Briefly

Washington, D.C.

Guidelines released for prescribing narcotics

New guidelines seek to improve treatment for millions of Americans with unrelieved pain by spelling out exactly how to prescribe powerful painkillers like Oxycontin and morphine without attracting the wrath of the Drug Enforcement Administration.

Many doctors hesitate to prescribe narcotics, which are heavily regulated because they can be abused by addicts.

The guidelines issued Wednesday, written by leading pain specialists together with the DEA, stress that the drugs are safe for the proper patient — and pledge that doctors won’t be arrested for providing legitimate therapy.
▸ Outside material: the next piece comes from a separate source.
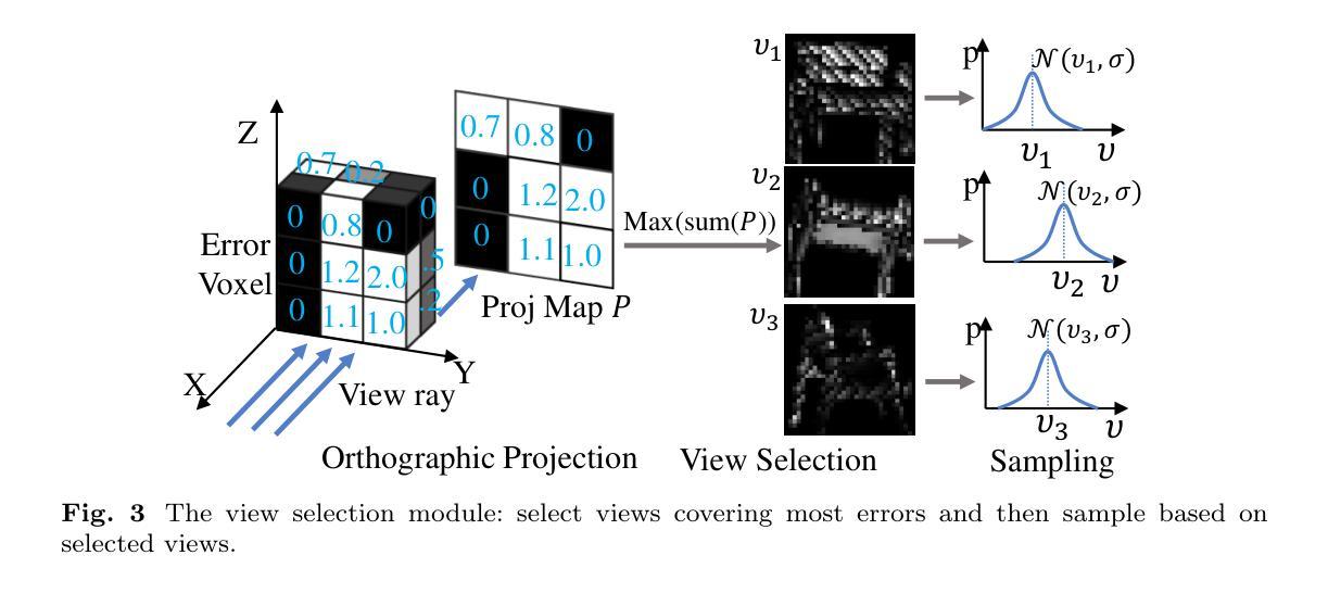 - 提出一种基于重建误差的视角选择方法,该方法考虑3D预测重建误差的空间分布。

The DEA is distributing the document to agents and prosecutors to help them distinguish aggressive pain management from drug diversion. A lot of opioid-taking patients in a practice shouldn’t by itself signal suspicion, the guidelines advise, while long-distance prescribing and a lot of premature refills might.

Virginia

Release sought for American ‘combatant’

A U.S. citizen captured on the Afghanistan battlefield might soon be allowed to walk free after three years in custody, bringing an end to one of the Bush administration’s longest and hardest-fought legal battles to arise from the war on terrorism.
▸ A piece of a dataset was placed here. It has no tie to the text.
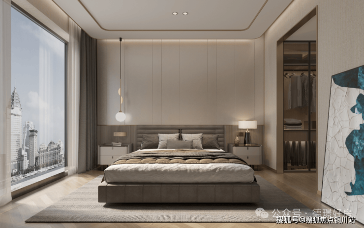 ◎豪华套房式主卧 | 约52㎡套房主卧,用空间上的雍容匹配主人身份标签,配以瞰景阳台、衣帽间、独立卫浴,诠释奢华舒适的居住体验

Lawyers for the government and for Yaser Esam Hamdi informed a federal judge Wednesday they’ve been negotiating his release since the Supreme Court said enemy combatants could not be indefinitely detained without legal rights.

In court papers filed jointly, the lawyers asked U.S. District Judge Robert Doumar to stay all proceedings in the case for 21 days so they could try to complete efforts to reach a mutually acceptable resolution.